The Landings Apartment Capital Appreciation and Rental Projections

Our financial analysis is based on a national average of 70% occupancy during high season and 35% during low season, giving an annual average of 52.5%. Research has shown that desirable areas in the north of St Lucia can achieve above average occupancy levels.

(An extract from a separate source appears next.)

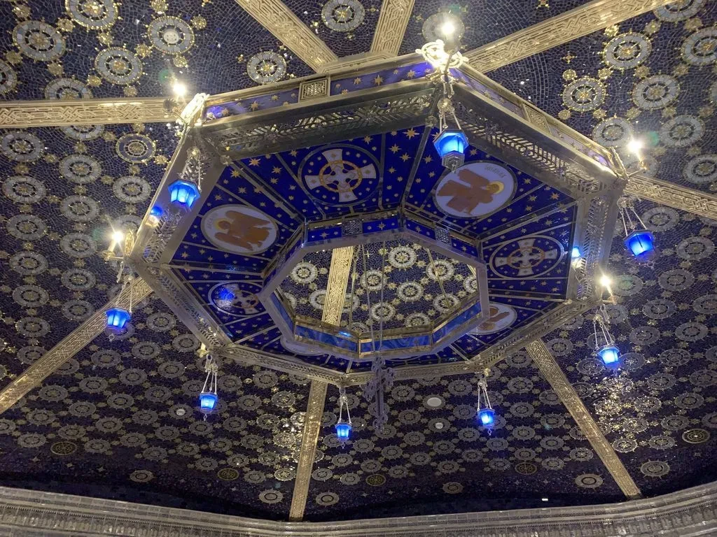 Главный цвет как наружных стен, так и внутренней отделки храма — хаки, будто храм готовится десантироваться прямо в зону военных действий.

Note that while rental income will comfortable service most mortgage loans and in many cases yield a profit, the main profit in this type of investment comes from the capital appreciation of the property.

Capital Appreciation

Example-1, an appreciation of 10% over 5 years on a purchase price of US$445,000 will yield US$716,677 and at 15% over 5 years yield US$895,054.

Example-2, an appreciation of 10% over 5 years on a purchase price of US$680,000 will yield US$1,095,147 and at 15% over 5 years yield US$1,367,723.

Example-3, an appreciation of 10% over 5 years on a purchase price of US$855,000 will yield US$1,376,986 and at 15% over 5 years yield US$1,719,710.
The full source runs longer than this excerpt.